Está claro que, a excepción de algunos en la “Vieja Europa”, nuestros líderes no saben lo que hacen. La ostentosa actuación de David Miliband y David Cameron, políticos británicos, en Ucrania lo ilustra. Al farfullar sobre la autodeterminación nacional y la integridad territorial de los Estados, ambos parecen haber olvidado que los dos principios resultan normalmente incompatibles. La autodeterminación significa la secesión y el desmoronamiento de los Estados. En el Cáucaso, una región de múltiples enemistades nacionales, la autodeterminación equivale a una guerra más extensa y a una limpieza étnica agravada. En Ucrania lo que está en juego es aún mayor. El nuevo Estado, profundamente dividido y con una base naval rusa importante situada en el puerto de Sebastopol, en Crimea, se verá sin duda hecho añicos de realizarse cualquier intento por arrancarlo de la esfera de influencia rusa. El país se convertiría entonces en un campo de batalla al que las grandes potencias se verían irresistiblemente atraídas. Jugar con nociones wilsonianas de autodeterminación bajo estas condiciones es coquetear con el desastre.
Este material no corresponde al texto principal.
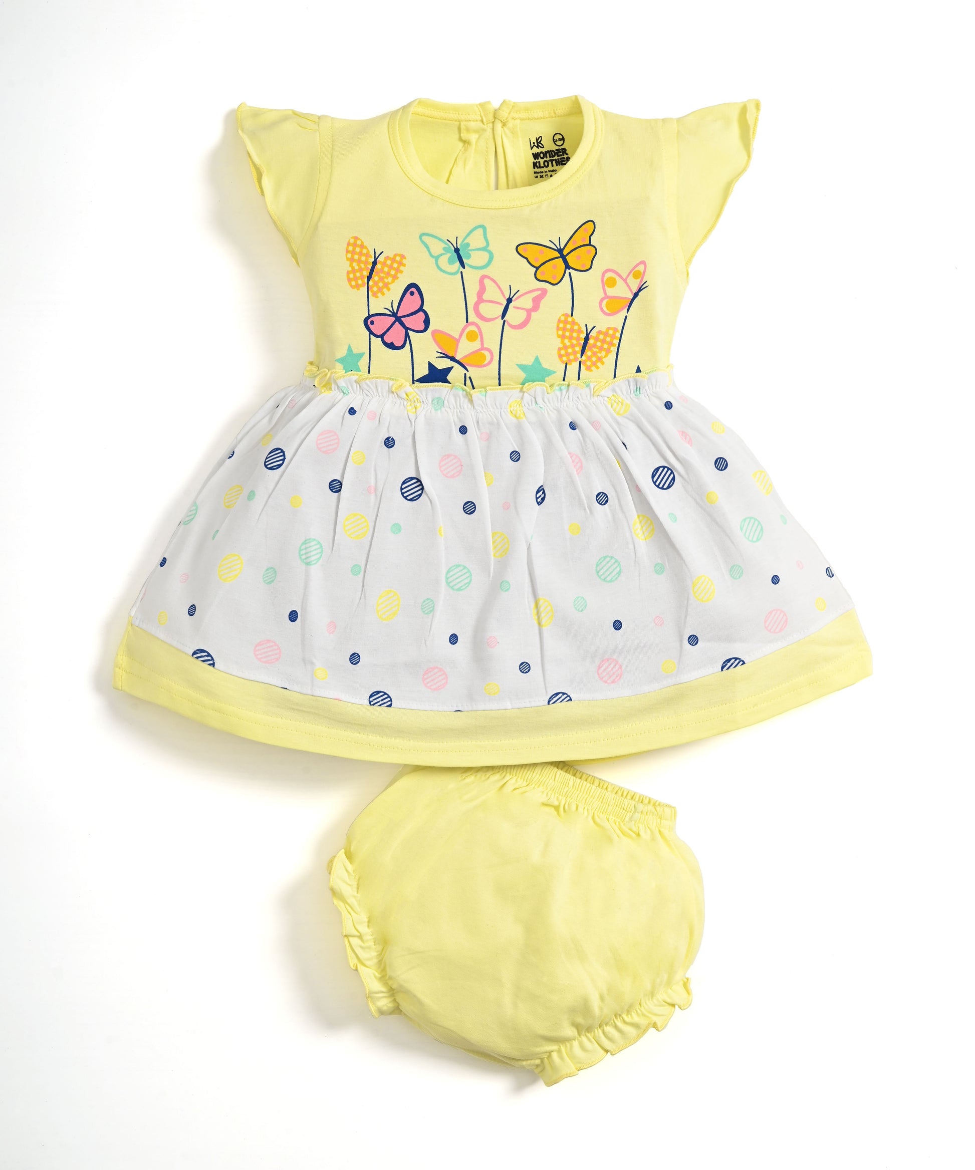 Butterfly Garden Short Sleeves Frock & Bloomer Pant Set | Yellow
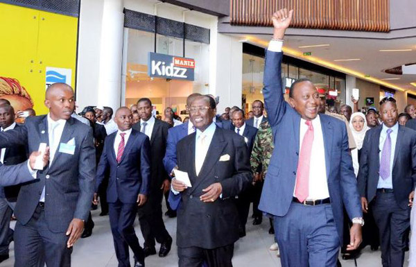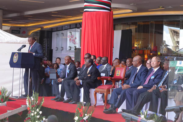 下午15時,激動人心的時刻到了!在萬眾矚目中肯雅塔總統親自剪彩,并發表了重要講話,他對中國公司實現了肯尼亞人的夢想給予了充分肯定。雙河投資項目系由肯尼亞上市公司CENTUM集團主導,江西省水利水電建設有限公司與中航國際工程公司強強聯合共同參與投資建設的重大項目。我司駐肯尼亞雙河項目部在項目經理彭紅軍率領下,精益求精,嚴把質量關,克服了時間短、任務重的困難,僅用了兩年半時間即完成商場項目建設任務,創造了東非速度!

No nos equivoquemos: Rusia es, en algunos aspectos, un Estado peligroso. Sus líderes, formados en los servicios secretos, son pragmatistas despiadados que recurrirán a cualquier medio para lograr sus objetivos. Quizá su meta sea repeler la influencia occidental en las regiones colindantes, pero su estrategia consiste en hacerse de todo lo que puedan. En este momento, al percibir la decadencia occidental, los líderes rusos están sondeando si Occidente cuenta con alguna estrategia coherente para proteger sus intereses. Según lo que hemos podido escuchar de nuestros líderes hasta hoy, Occidente carece de tal estrategia.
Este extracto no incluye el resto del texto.